Thérèse Bacha Prascovie Fould (1851-1911), née Ephrussi ran a thriving literary salon which Proust frequented from around the turn of the century. A well-known figure, she had sat for Renoir in 1880 and the resulting portrait was sold at auction last year for just under £500,000. Proust corresponded regularly with her, and the library at Royaumont has a copy of the author's first published work, the 1904 translation of Ruskin's The Bible of Amiens, which he inscribed to "Madame Léon Fould. Respectueux hommage d'un ami".
Thérèse's marriage to Léon Fould (1839–1924) was one of several unions between well known banking dynasties of the period. Léon had lived through the Commune in the revolutionary Paris of 1870, and the couple had three children including Eugene, who became a close friend of Proust, and Robert, who died in October 1905, a month after the author's own mother, at the tender age of 22. This period of shared grief tightened the bonds between them, and either or both of the deaths would account for the use of mourning paper.
Thérèse was the half-sister of Charles Ephrussi, who was a well-known art historian, collector and editor (1849–1905), and one of the inspirations for the character of Swann. Like Thérèse, he was painted by Renoir, appearing as the man in the top hat talking to Proust in Le déjeuner des canotiers.

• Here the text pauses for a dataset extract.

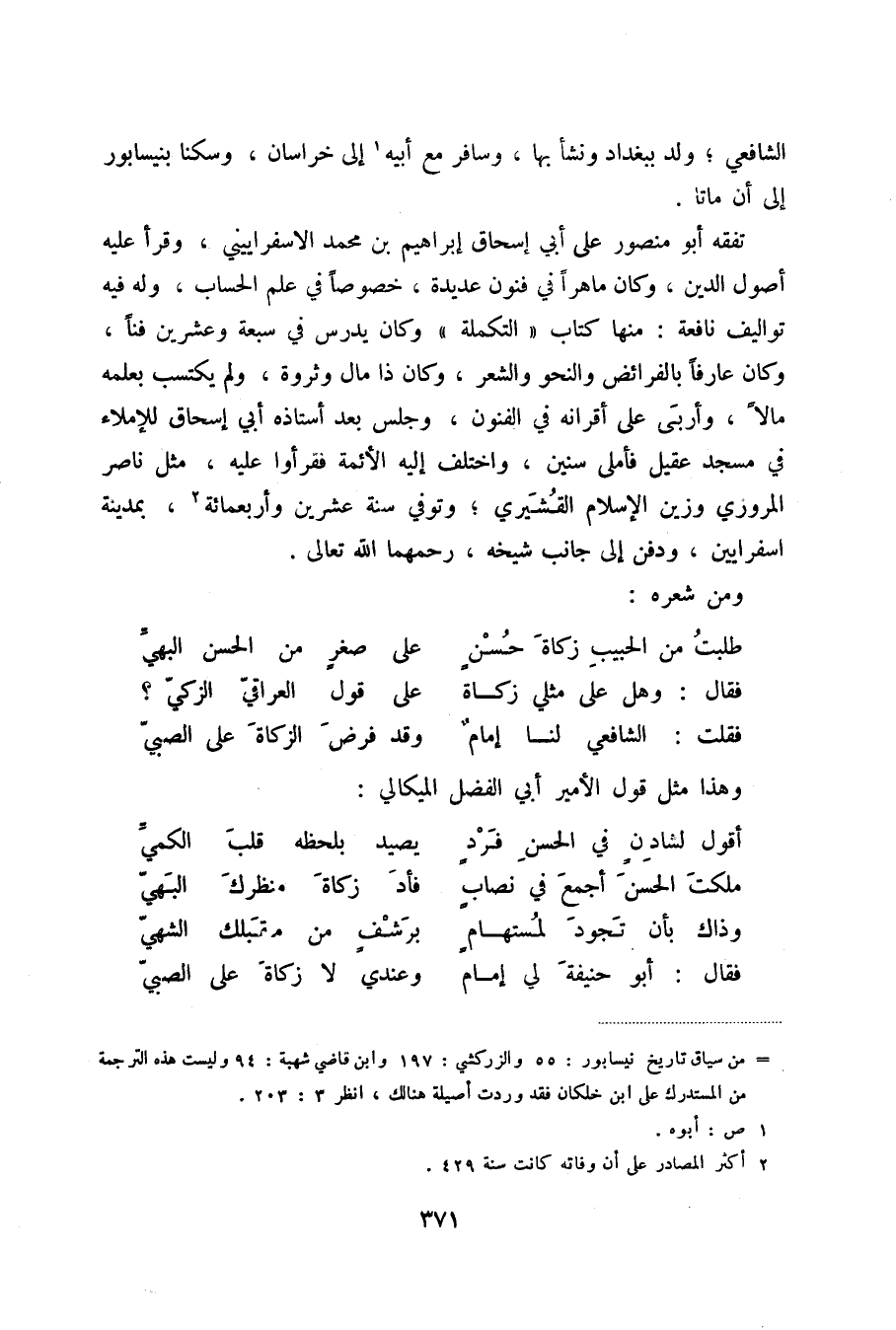 فقلت: الشافعي لنا إمام ... وقد فرض الزكاة على الصبي وهذا مثل قول الأمير أبي الفضل الميكالي: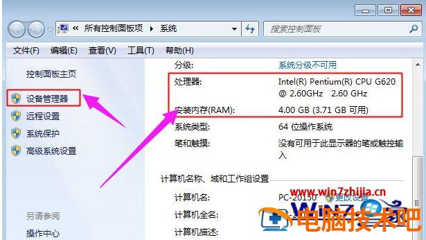 2、在系统属性可以查看“处理器”和“安装内存”两个信息,以及安装系统的版本和位数,如果要看显卡,则点击左上角“设备管理器”;

Provenance: Thérèse Fould (1851-1911), née Ephrussi; her son Eugène Fould (1876–1929) and his wife Mitzi Springer; their daughter Therese Fould-Springer (1908-1953); and thence by descent to the author David Pryce-Jones. Eugène and Mitzi Fould-Springer presented 20 of their Proust letters to the Bibliotheque Nationale, but retained the present series, which remain unpublished in Philip Kolb, Correspondance de Marcel Proust.